Night Float Can Affect Resident Performance and Patient Safety
As graduate medical training programs implement changes to minimize sleep deprivation and fatigue among residents, does one solution – the night float – present its own risks?
Yes, says new research by Anita Cavallo, MD, of the Division of General and Community Pediatrics at Cincinnati Children's. Due to the well-known effects of shift work, the night float places participating residents at risk for committing errors and jeopardizing patient safety – as well as being victims of motor vehicle accidents when they drive home.
Started in the late 1980s, the night float is a time-limited period of night shift work designed to diminish the workload of the residents on call, who work all day and subsequently all night. During their second year of residency at Cincinnati Children's, residents are assigned to two periods of two-week night float with no daytime duties. They begin their shift at 11 pm, taking all new overnight admissions, and end their shift at 8 am.
On-call residents, on the other hand, cover their daytime patients and new admissions until 11 pm; during the night, they are responsible only for the patients they covered before 11 pm. Theoretically, this arrangement allows on-call residents to get more sleep.

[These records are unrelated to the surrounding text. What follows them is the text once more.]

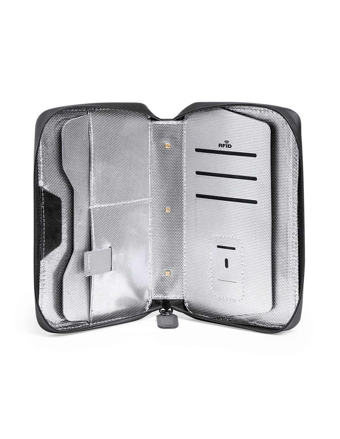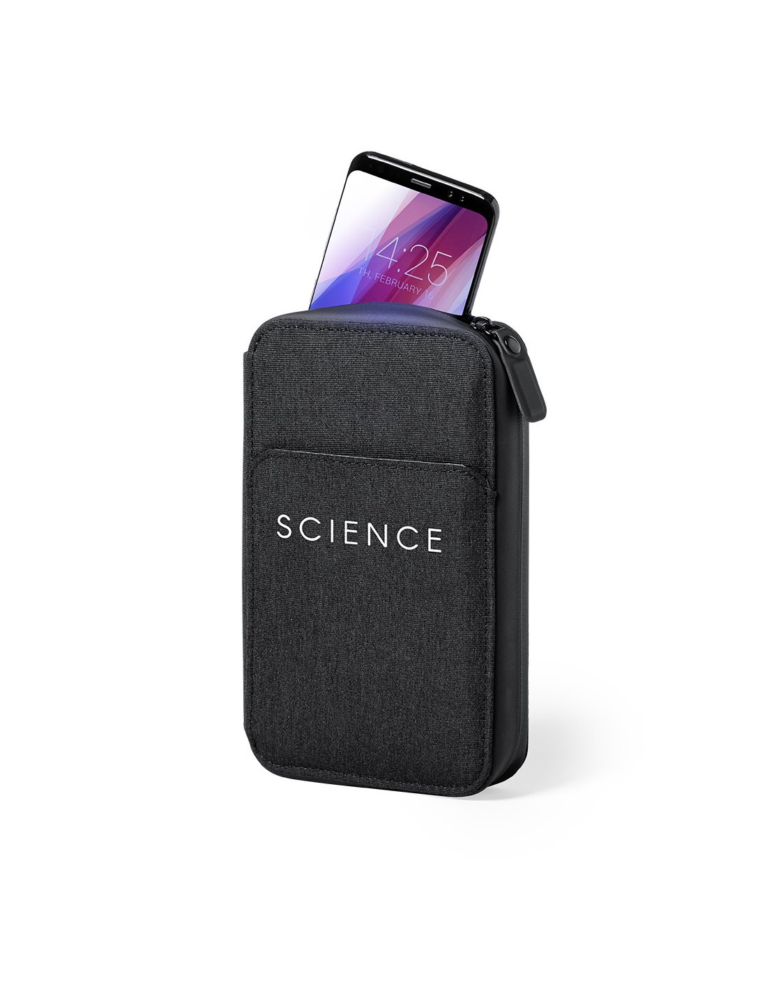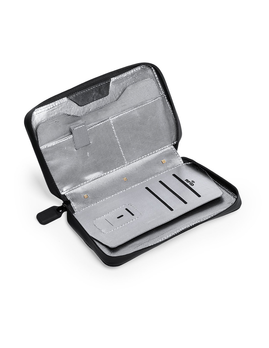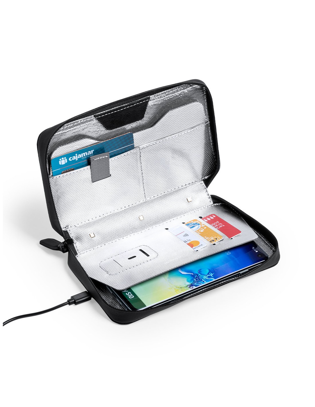 Organizador y esterilizador de luz ultravioleta tipo C, con protección RFID (Identificación por Radio Frecuencia) que mantiene seguros tus dispositivos de transmisión de identidad. Especialmente diseñado para la eliminación de microorganismos y bacterias en smartphones y otros objetos de uso cotidiano. Fabricada en resistente poliéster 600D de acabado denim, con cierre magnético de seguridad en tirador para un uso seguro del dispositivo. Incluye 4 tarjeteros interiores + bolsillo exterior. Presentado en atractiva caja individual de diseño. Potencia LED 1.2W y longitud de onda 275nm. Tiempo de esterilización con función auto-apagado de 1 y 3 minutos. Disponible manual de usuario en español e inglés. Disponible certificación CE, RoHS y de efectividad germicida. Para un uso adecuado del producto, evitar el contacto con la piel y los ojos.
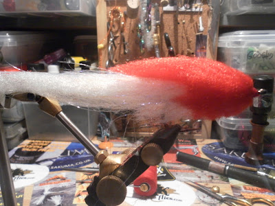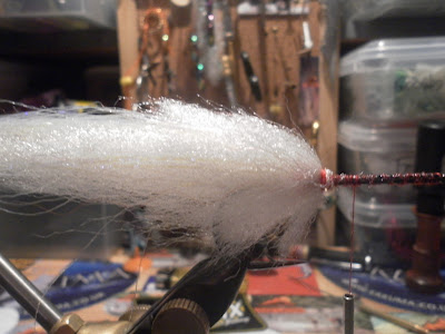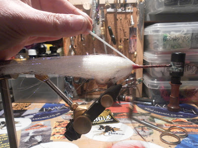 10- take half a dozen UV flash strands and run the length of the back of the fly and fold back the remaining short piece to lie along the back
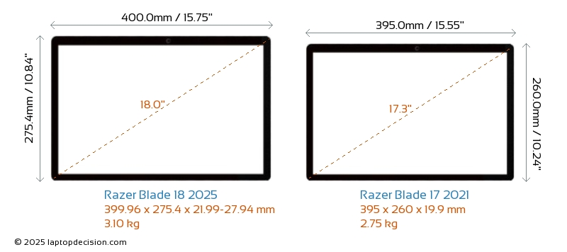 USBBoth Blade 18 2025 and Blade 17 2021 feature 3x USB 3.2 USB-A ports.Both Blade 18 2025 and Blade 17 2021 feature 2x USB 4.0 USB Type-C ports.
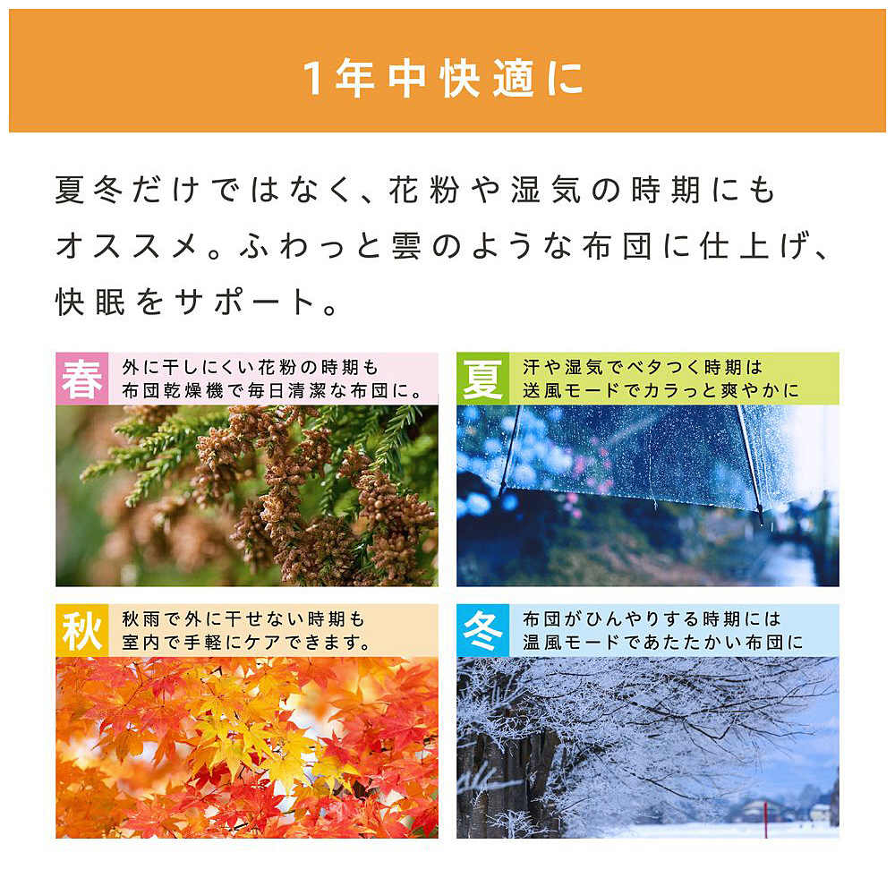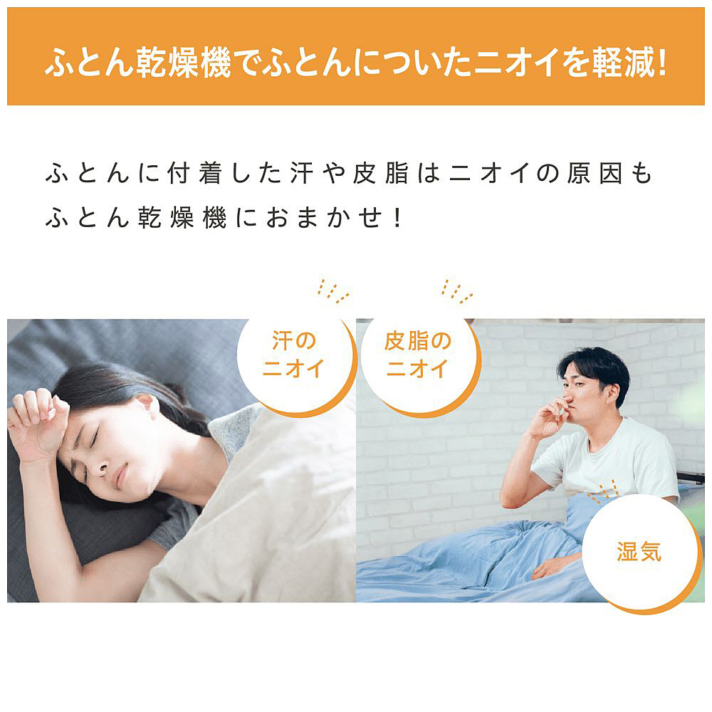 ふとん2組を同時に乾燥やあたためのできる、ツインノズルのふとん乾燥機カラリエです。

Fighting the Biological Clock
"When the night float was created, I was worried – for all institutions – that no one seemed to be concerned about residents doing shift work," says Dr. Cavallo. "We know that shift work is bad for everyone, because humans are created to be active during the day and sleep at night. Our internal biological clock keeps us synchronized to this 24- hour rhythm."
She notes that night shift work is equivalent to a time zone difference of 12 hours, requiring seven days for the body to adjust. However, previous studies in industry and health care have shown that most night shift workers never fully adjust, because on their days off, they revert to the schedule of daytime workers. Because night float residents at Cincinnati Children's have a weekend off during their two-week night float, Dr. Cavallo suspected that they, too, would follow this pattern.
So the research was designed to discover whether the well-known effects of shift work – difficulty maintaining alertness, increased irritability, and a higher likelihood of depressive symptoms – would apply to residents at Cincinnati Children's, even though the night float is only two weeks long. Residents completed a daily sleep diary, used an activity monitor daily, and took tests of attention and mood three times a week during the two-week night float and during equivalent blocks of time in their daytime rotations.
Greater Fatigue, Less Energy
The research confirmed what a previous retrospective study at Cincinnati Children's had shown. Night float residents slept almost an hour less than during their daytime rotations, even though they had all day to sleep. Their fatigue was greater, as measured by fatigue-inertia scores. They had increased errors of omission, with a strong association between fatigue and omission errors. And they had decreased vigor, based on vigor-activity scores.
"The reality is that any nighttime coverage – on-call or night float – involves higher risks for patient safety. It's important to note that the new work hour limitations established by the Accreditation Council for Graduate Medical Education do not eliminate this risk, because the body's biological clock is programmed to be more alert during the day," Dr. Cavallo says.
To minimize these risks, she believes that hospitals of the future should adopt new approaches, including lighting work areas brightly, encouraging residents to nap whenever possible, creating singlebed call rooms that keep residents from being awakened by their roommate's pager, and offering more education on how to help the body's biological clock adjust to shift work.
"We cannot function without 24-hour coverage in health care," Dr. Cavallo says. "So the best we can do is to understand the biological clock and develop measures to help the body adjust to shift work."
Dr. Cavallo is professor of clinical pediatrics in the Division of General and Community Pediatrics at Cincinnati Children's. Her study was published in Ergonomics (46[7]:653-63, 2003 June 10) and was supported by funding from the Centers for Disease Control & Prevention, National Institute for Occupational Safety and Health, and from the National Center for Research Resources, General Clinical Research Centers Program, National Institutes of Health.